= Taya Bonicos =

Norwegian fashion designer

Tayisiya "Taya" Bonicos (née Kostenko) is a Norwegian fashion designer who is the founder and creative director of Serena-B, an Oslo-founded international luxury handbag brand.

==Early life and education==
Bonicos was born Taisiya Kostenko in Norway. She holds a bachelor's degree in international hospitality business and a master's degree in international business.

In 2014, Bonicos placed third in The Big Pitch, an annual enterprise competition held in Cambridge, United Kingdom, for her business concept Whole Pleasure, a natural-ingredient ice cream brand.

==Career==
Before founding Serena-B, Bonicos worked at a high-end concierge agency in London that operated within the fashion industry and completed a year-long internship at the department store Harrods. She has also held roles in event management and the film industry.

In 2020, Bonicos founded Serena-B, an international luxury handbag brand based in Oslo, which is named after her elder daughter. Its handbags are produced in Spain by artisans using leather sourced from a fourth-generation family-owned tannery.

In March 2023, Bonicos introduced Serena-B to the Middle Eastern market through a private launch event at the Dubai Edition hotel during the inaugural Dubai Fashion Week. The event was co-hosted with the luxury retailer Etoile la Boutique, which subsequently became the brand's exclusive Middle Eastern stockist through its flagship store at the Mall of the Emirates. In Norway, Serena products have been sold through the Oslo department store Ferner Jacobsen and Steen og Strom, as well as its own flagship store.

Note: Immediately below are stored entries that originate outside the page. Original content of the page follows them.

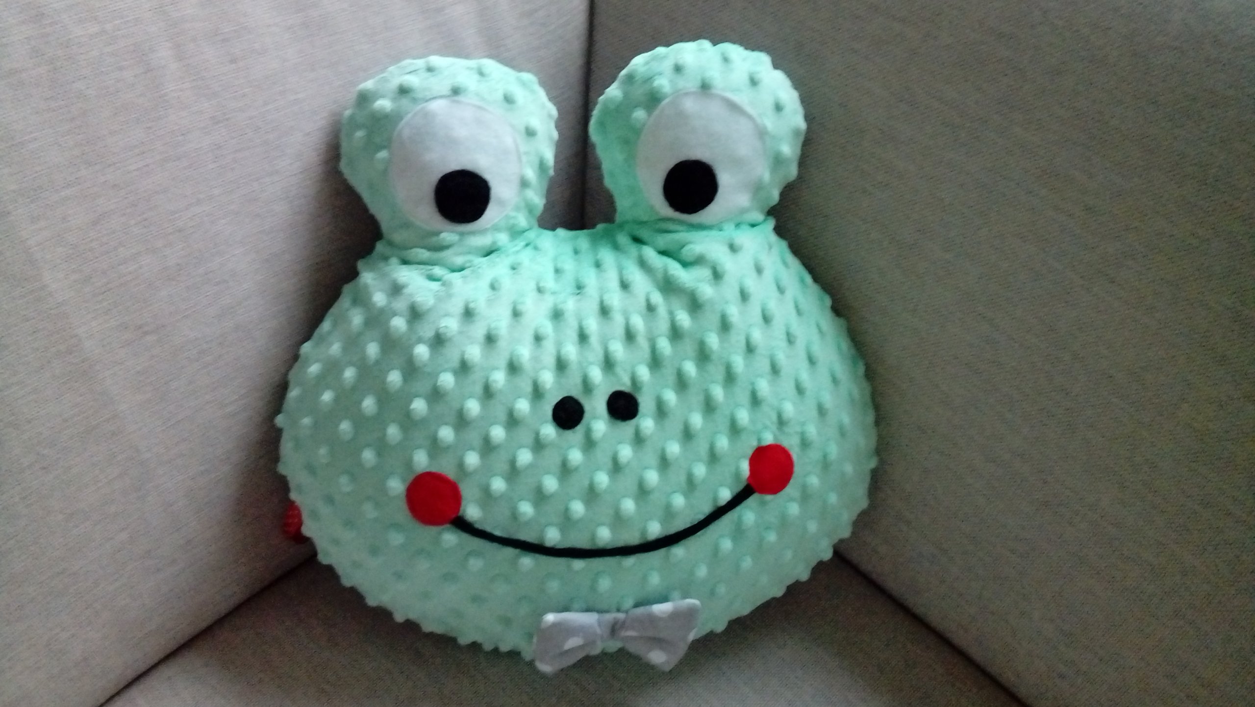 Z dostępnych kolorów bawełny mogą Państwo wybrać swój wzór żaby np. miętowa + białe w grochy
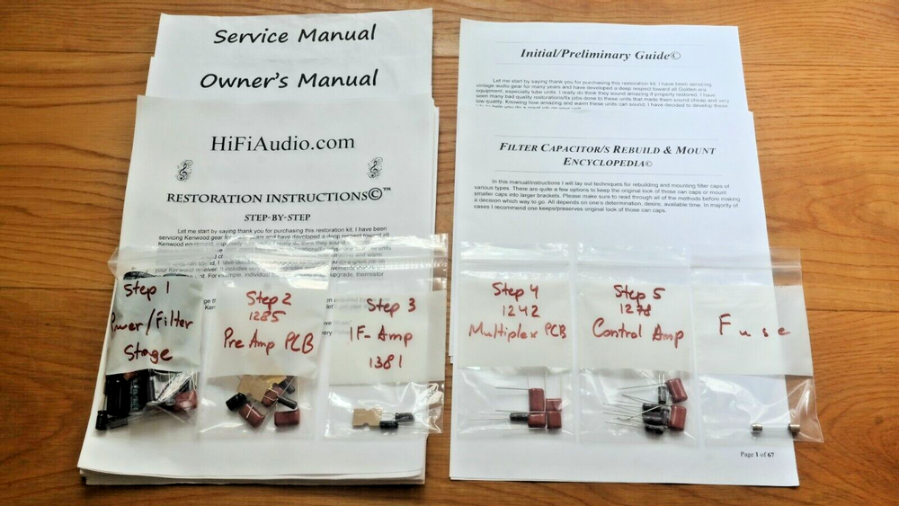 The scarcity of good, honest techs who can do good and reasonably priced restoration/rebuild of audio equipment inspired me to create this restoration kit. In today's day and age, it is difficult to find a knowledgeable technician who can service your audio gear properly. I have seen many poor quality restorations of equipment that cost way too much for their owners. In 99% of the cases, only a few parts were replaced, instead of a full and proper restoration job. A proper restoration must replace all electrolytic capacitors on all boards. Do not fall for partial kits that restore just one PCB (power supply, power amp, etc.). This is not a good or proper way to restore your audio equipment. It is the same as with car tires; one should never replace just one tire and keep the other worn-out tires on. A proper rebuild requires a full recap of all PCBs. On the other hand, if one succeeds in finding a good tech, the wait time is usually 6-12 months for the unit to be serviced, and costs are sky-high. I have been servicing audio equipment for many years and have developed deep respect for all good equipment. Knowing how amazing and warm these units can sound, I decided to put together this kit. It includes very good upgrades and improvements that must be done to the unit. This restoration kit will make a huge difference in the sound quality. All the parts are of high-quality Japanese Nichicon / Rubycon / WIMA / IC / United Chemi capacitors. I am extremely particular about the quality of the parts provided in this kit. Knowing how many bogus/fake caps, diodes, resistors, etc. are out there, I source all the parts from reputable wholesalers and buy them in bulk. Vintage audio equipment has the potential to deliver rich and authentic sound when it is properly restored. Not only can it enhance your listening experience, but it can also evoke memories and bring joy to your life. Let's work together to bring your vintage gear back to its full potential, and make sure you have the music you deserve. ♩♬♫♪♫♩♬ “They Shall Have Music”- Avery Fisher Included in this kit: 1. Power/Filter stage capacitors ( Nichicon / Nippon / United Chemi) electrolytic capacitors. 2. Detailed instruction with colorful images, schematics, manuals (all of these are in electronic form, I consider these much better than printed version due to zoom availability). 3. Schematics 4. Complete audio path upgrade with high quality WIMA or IC (Illinois capacitor) film capacitors. 5. Parts for compete recap of all the electrolytic capacitors. 6. Complete recap of all PCBs. 7. Transistors (PNP, NPN). 8. fuse/s 9. Instructions on how to clean the chassis. 10. Instructions on how to clean a faceplate 11. Instructions on how to polish knob covers. 12. Support/help to a reasonable extend in case you need it. (This is what makes us different from other sellers.) We also offer a great selection of Restoration Kits , LED conversion kits , Volume Controls , Rotary Switches and other rare/unique parts; Make sure to check our store ---------> LINK (Use the search bar inside the shop to find what you need faster) We may also be interested in purchasing your equipment
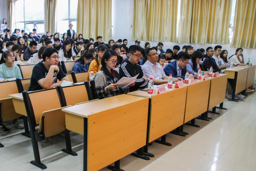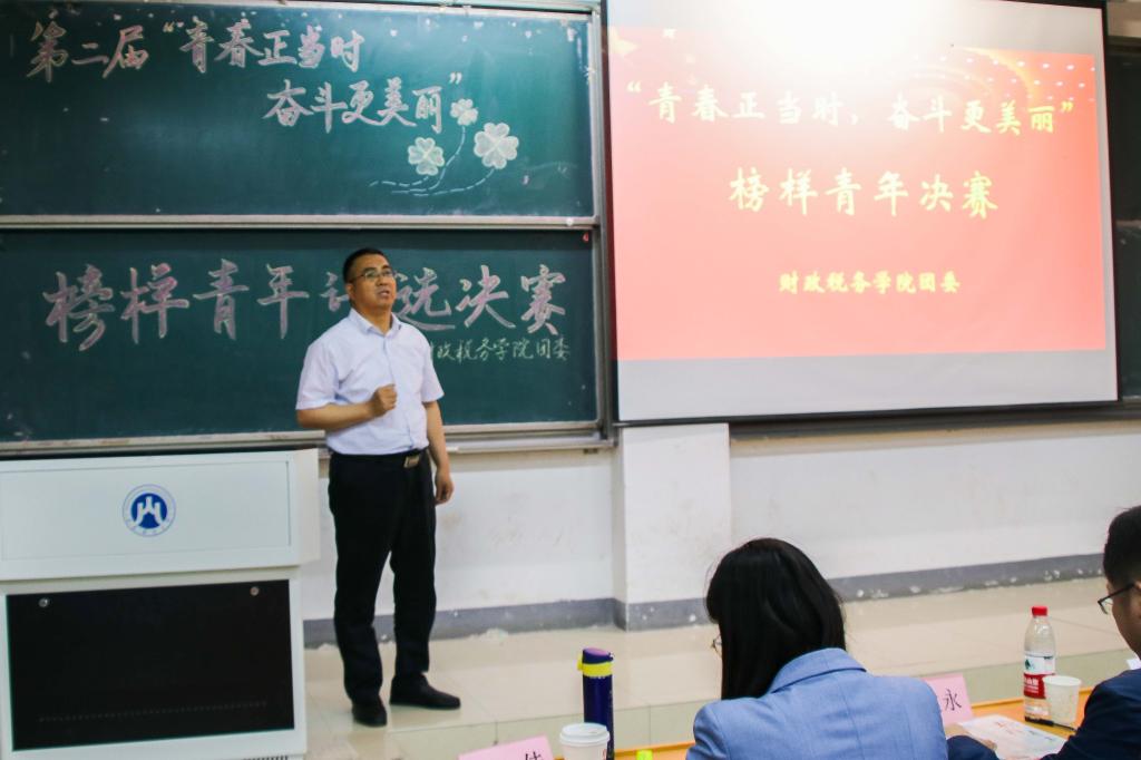 5月13日,财政税务学院第二届“青春正当时,奋斗更美丽”榜样青年评选活动于圣井校区明德楼圆满举行。本次活动由财政税务学院团委主办,学生会秘书处承办。出席本次评选活动的老师有财政税务学院党委副书记张代宝,团委书记、2018级税收学辅导员王正一,2017级税收学辅导员李建永,2017级财政学辅导员郭滨滨,2015级税收学辅导员程佳。学生会主席团的部分成员及各班学生代表作为大众评委参加了本次评选活动,2018级的部分同学观看了活动。
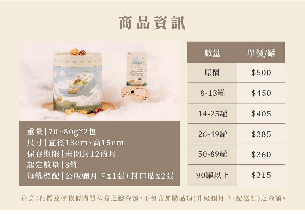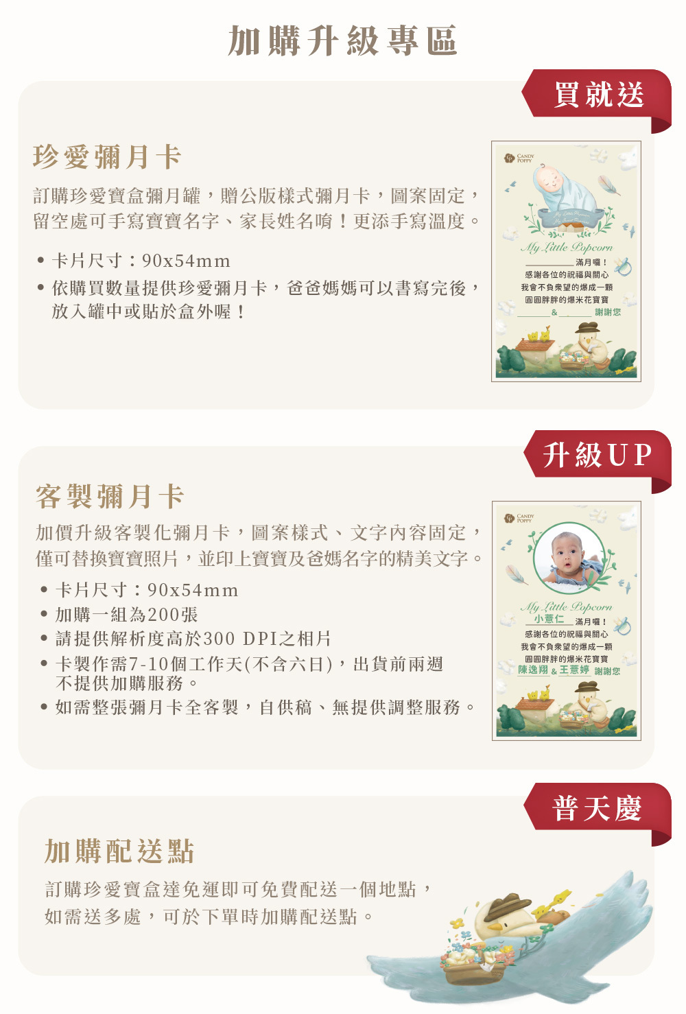 請注意,彌月小卡每次固定生產 200 張。本服務僅提供彌月小卡的加購印製,並不包含將小卡放入彌月罐內的加工服務。
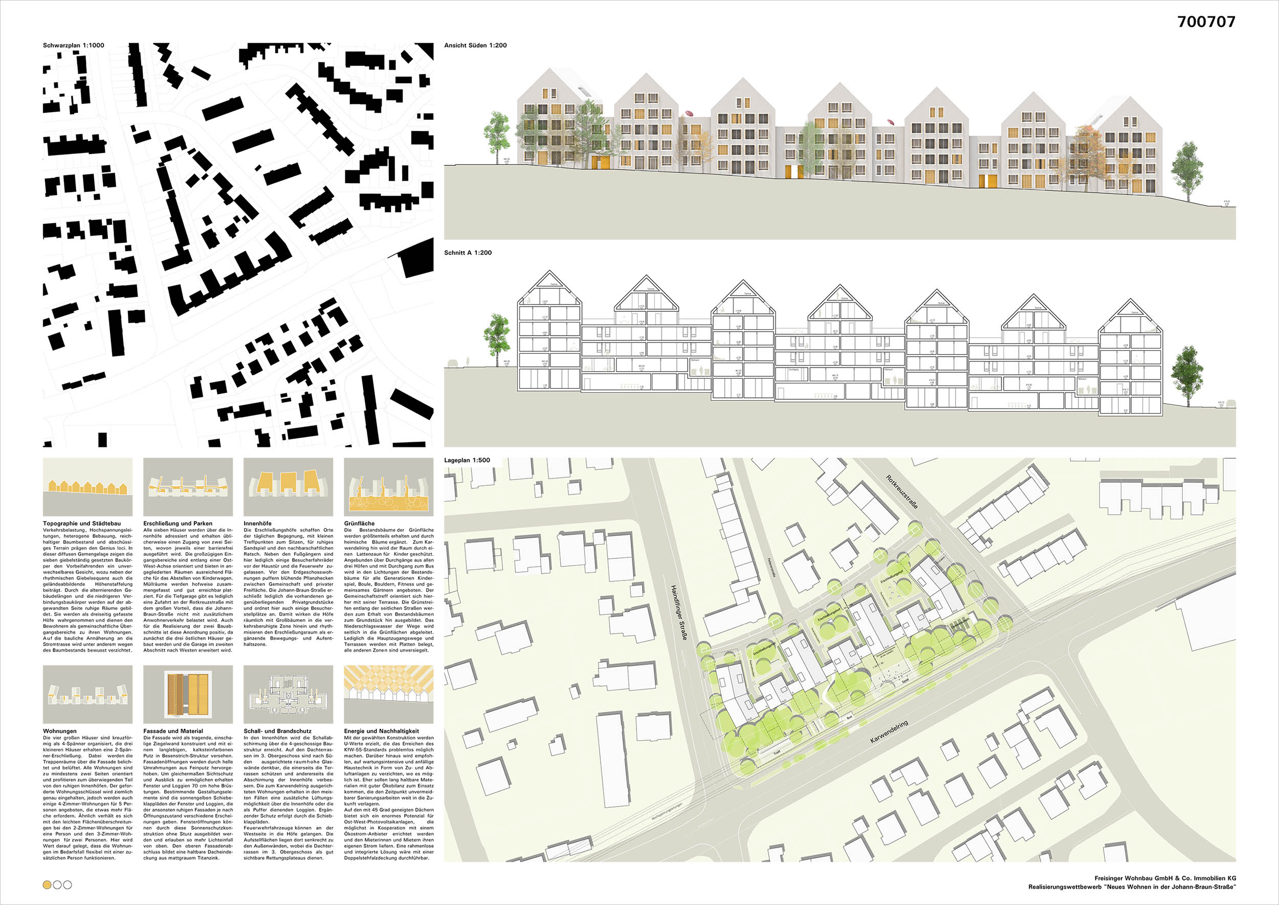 Die Erschließungshöfe schaffen Orte der täglichen Begegnung, mit kleinen Treffpunkten zum Sitzen, für ruhiges Sandspiel und den nachbarschaftlichen Ratsch. Neben den Fußgängern sind hier lediglich einige Besucherfahrräder vor der Haustür und die Feuerwehr  zugelassen. Vor den Erdgeschosswohnungen puffern blühende Pflanzhecken zwischen Gemeinschaft und privater Freifläche. Die Johann-Braun-Straße erschließt lediglich die vorhandenen gegenüberliegenden Privatgrundstücke und ordnet hier auch einige Besucherstellplätze an. Damit wirken die Höfe räumlich mit Großbäumen in die verkehrsberuhigte Zone hinein und rhythmisieren den Erschließungsraum als ergänzende Bewegungs- und Aufenthaltszone.
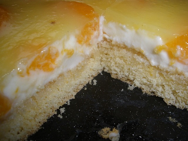Krém: všechno smícháme a našleháme. Na vychladlý piškot rozetřeme krém, na něj rozložíme okapané mandarinky.
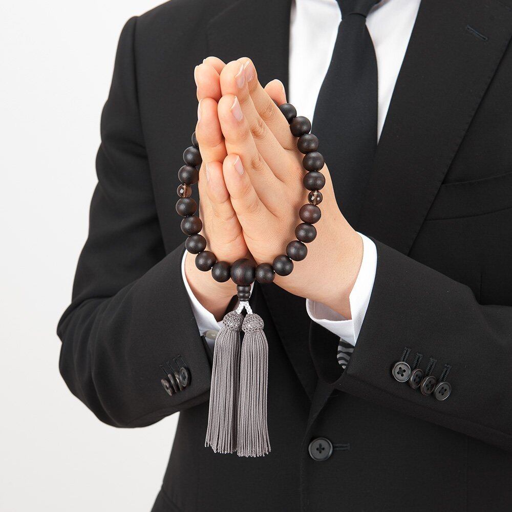 仏壇屋 滝田商店 数珠 男性用 縞黒檀 (艶消) 2天 茶水晶 22玉 正絹頭付房(ねず茶色) すべての宗派でお使いいただける 男性用 念珠 京都製
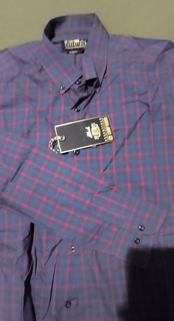 Mor kareli, düğmeli, uzun kollu erkek gömlek, normal boyda, çentikli yakalı ve düzenli kesimlidir. Günlük kullanıma uygundur.
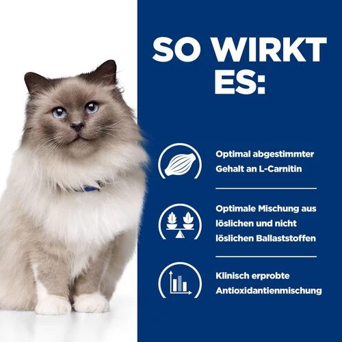 - Hill’s r/d Feline ist reich an Ballaststoffen, um ein Hungergefühl zu reduzieren und Betteln zu vermeiden.
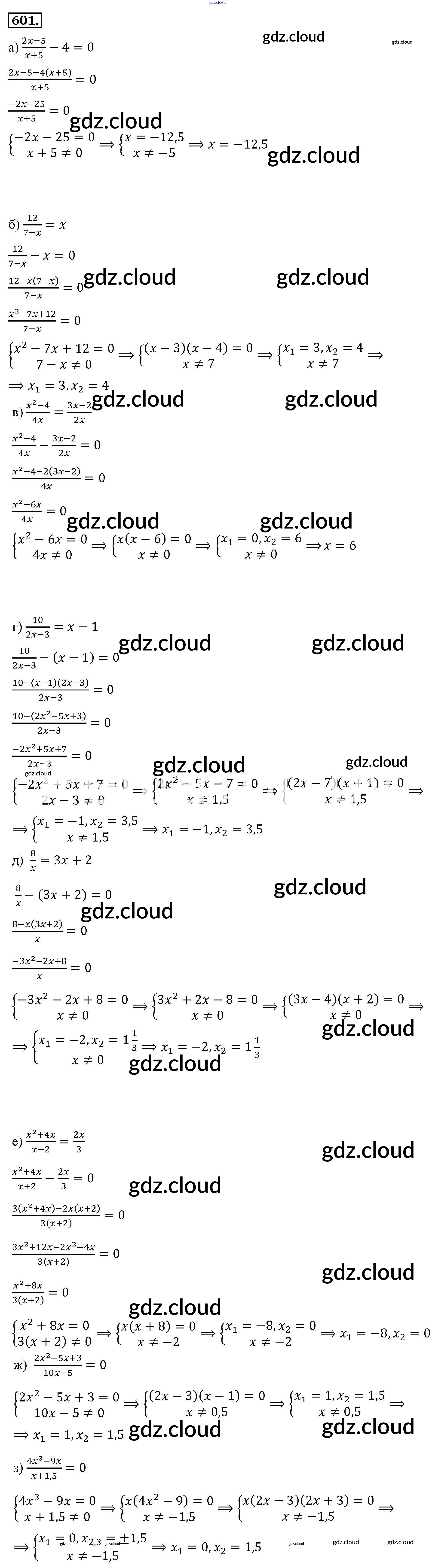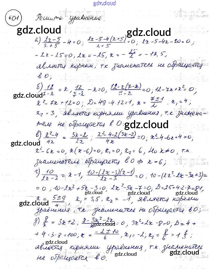 Ответ на задание 601 Учебник Алгебра за 8 (восьмой) класс Макарычев, Миндюк, Нешков, Суворова 2016
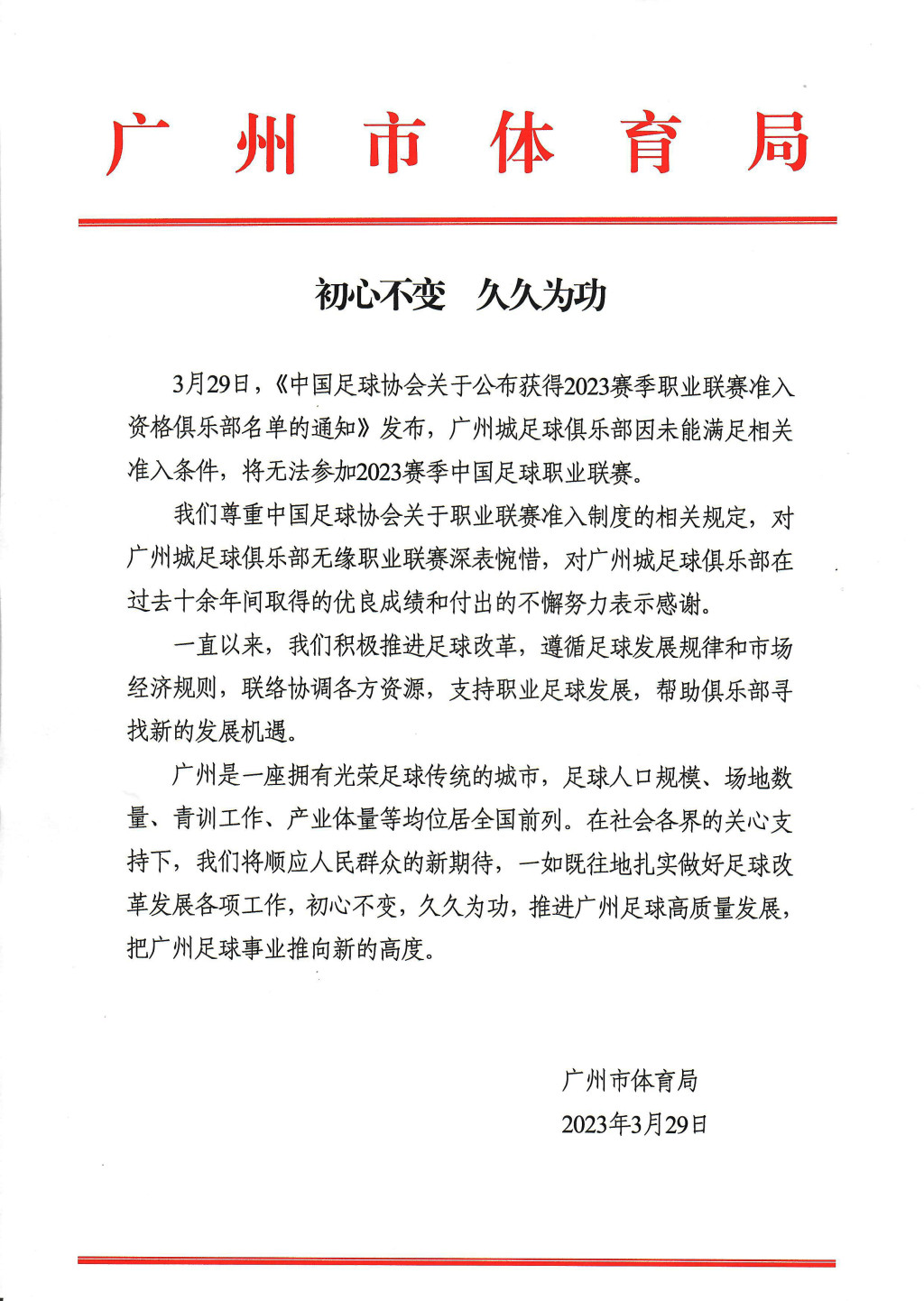 同日,广州市体育局发布《初心不变 久久为功》文章�💈�👝,对广州城足球俱乐部无缘职业联赛深表惋惜,对广州城足球📁俱乐部在过去十余✋年间取得❇的优良成绩和付出的不懈💌努力表示感谢。🔂文章全文如💧下。

In August 2024, Serena-B was among 34 brands selected for the official programme of Oslo Runway, Norway's principal fashion week. Later that month, Princess Märtha Louise of Norway was photographed carrying a fuchsia Serena Liten handbag while travelling to her wedding to Durek Verrett in Geiranger.

==Personal life==
Bonicos is married to British filmmaker Varon Bonicos, best known for directing A Man's Story. The couple have four children.